Ein weiterer entscheidender Faktor dafür, ob Kryptowährungen als Zahlungsmittel akzeptiert werden, sind die anfallenden Transaktionskosten. Diese unterscheiden sich abhängig von der gewählten Digitalwährung. Bei einer Bitcoin-Transaktion werden aktuell 30 Satoshis pro Byte als Gebühr berechnet. Im Durchschnitt werden für eine durchschnittliche Transaktion 225 Bytes benötigt. Das bedeutet, dass die Transaktionsgebühr im Schnitt etwa 6.750 Satoshi beträgt. Aktuell entspricht 1 Satoshi = 0,00000001 BTC. Dementsprechend beträgt die Transaktionsgebühr 0,0000675 BTC. Die Transaktionsgebühren werden unter anderem erhoben, um die sinnlose Überweisung von Kleinstbeträgen und damit eine Überlastung (sog. Denial-of-Service-Angriffe) zu vermeiden. Die Erhebung von Transaktionsgebühren ist natürlich nicht attraktiv, wenn es Kryptowährungen wie der Bitcoin schaffen wollen, in Zukunft als Zahlungsmittel durchzustarten.
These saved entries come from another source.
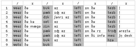 / = stress x = no stress
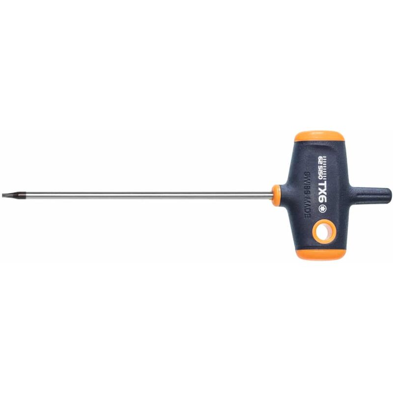 Impugnatura a T dalla forma ergonomica con superficie antiscivolo in Haptoprene® e nocciolo in plastica antiurto. Lama in lega speciale al cromo-vanadio. Superficie nichelata e cromata, punta brunita. Dim. TX20 - TX40 con uscita laterale. Dati tecnici Tipo di prodotto Giravite Lunghezza complessiva, mm 145 Lunghezza lama, mm 100 Impronta Torx® TX6
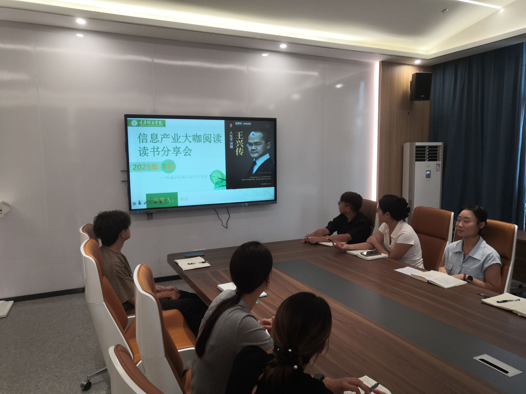 为持续深化“四位一体双院制”育人模式,增强教师团队对互联网创业与企业管理的前沿认知,2025年8月23日上午,学生处于明善图书馆207会议室开展暑期(7—8月)信息产业大咖传记阅读分享会。暑期大咖阅读以各自阅读,集中分享的模式进行。8月分享由林红老师领读,学生处全体教师围绕《王兴传》展开深入研讨,共同学习美团从创业团队到生活服务电商巨头的战略演进与管理智慧。
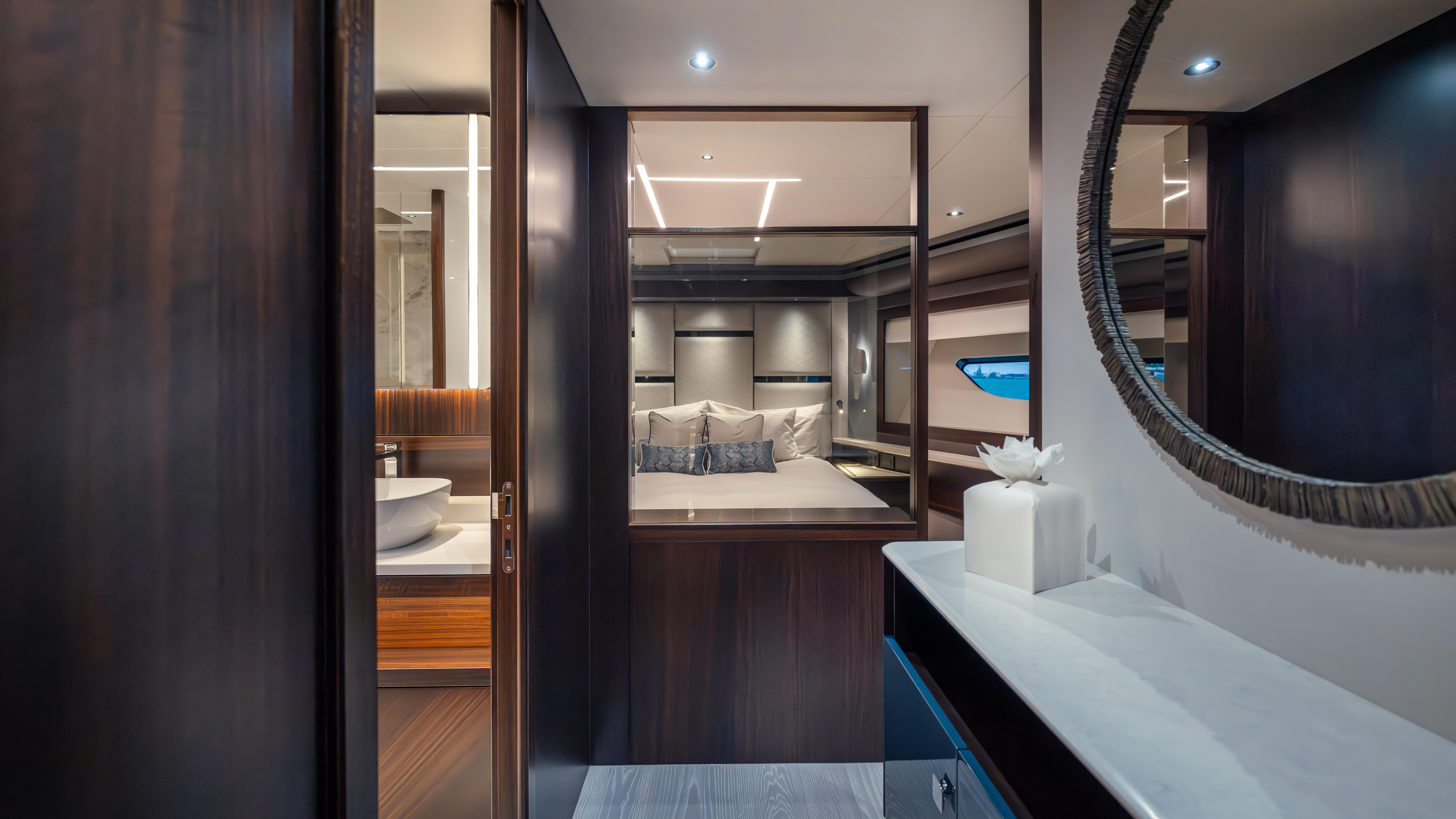 vanity and into the wardrobe space. Rest of cabin around the bed
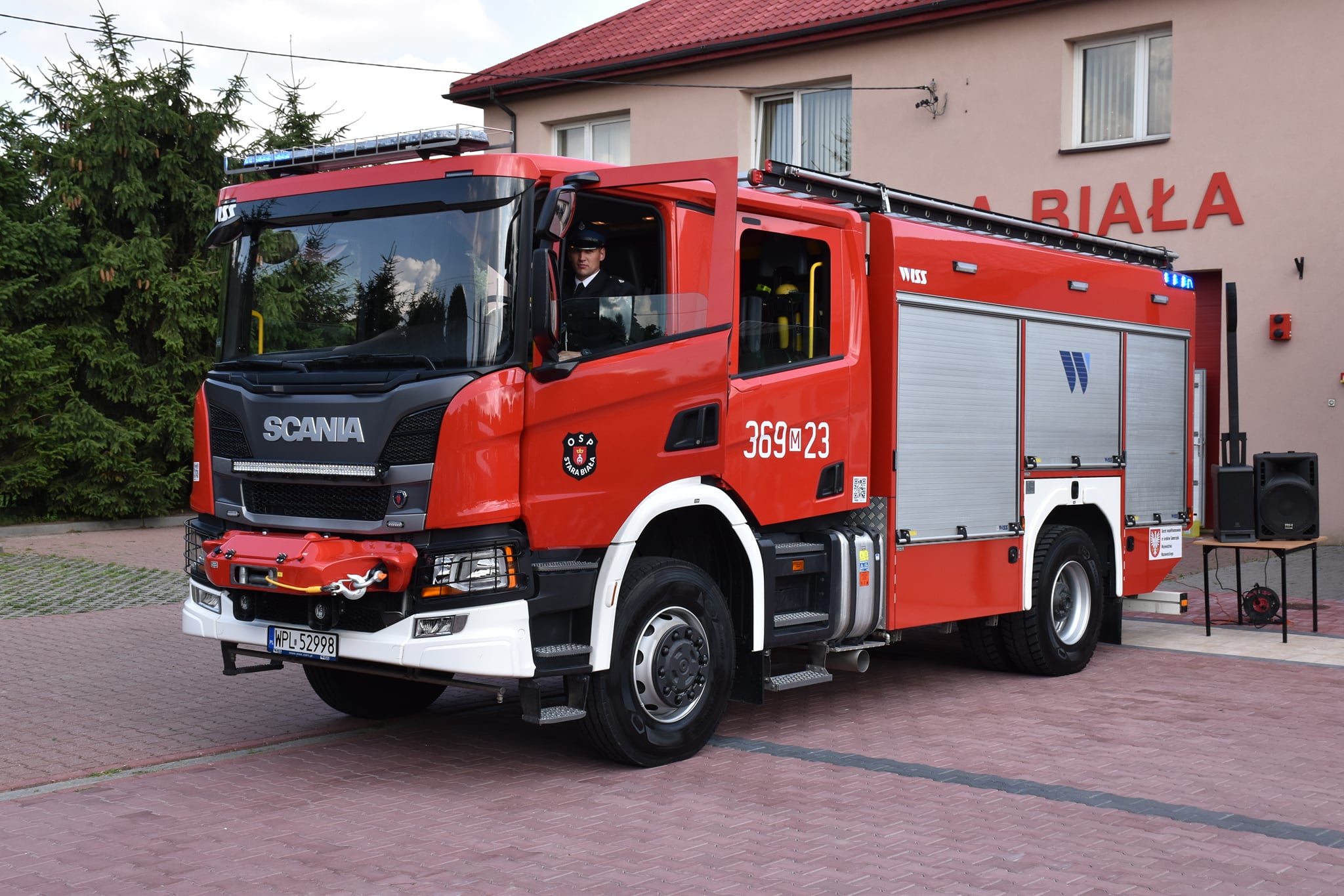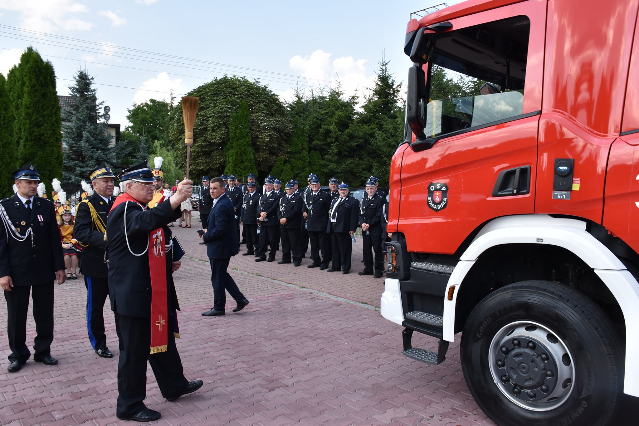 Kulminacyjnym momentem uroczystości było uroczyste przekazanie średniego samochodu ratowniczo-gaśniczego dla jednostki OSP Stara Biała. Po odczytaniu aktu przekazania samochodu ratowniczego przedstawiciele darczyńców wręczyli kluczyki do nowego pojazdu na ręce naczelnika oraz kierowcy OSP Stara Biała.

Surftipp: Leistungsfähigkeiten und Transaktionskosten bei Kryptowährungen

Gesamtfazit

Den meisten Staaten sind Kryptowährungen derzeit noch ein Dorn im Auge. Schließlich hat der Staat hier keinen Einfluss auf die Geldmenge, was die Gefahr einer Inflation oder Deflation mit sich bringt. Des Weiteren ist über Kryptowährungen zumeist noch eine anonyme Zahlungsabwicklung möglich, was das Hinterziehen von Steuern begünstigt. Dennoch wird zumindest der Bitcoin von vielen Anbietern als Zahlungsmittel akzeptiert. Die verhältnismäßig lange Transaktionsdauer sowie die entstehenden Transaktionsgebühren sind jedoch eindeutige Argumente gegen den Einsatz der digitalen Münzen als Zahlungsmittel. Da die Zahlungsmengen beim Bitcoin und anderen Digitalwährungen zum aktuellen Zeitpunkt jedoch verhältnismäßig gering sind, werden Kryptowährungen in den meisten Ländern (noch) toleriert. Zwar versuchen die Marshall-Inseln jedoch derzeit, ihre eigene Kryptowährung als gesetzliches Zahlungsmittel aufzusetzen. Dennoch ist nicht damit zu rechnen, dass wirtschaftlich bedeutsame Nationen hier in absehbarer Zeit nachziehen werden. Der Ruf nach einer strengen Regulierung von Kryptowährungen wird jedoch insbesondere im europäischen Raum immer lauter – nicht zuletzt wegen der großen Gefahren von Bitcoin und Co.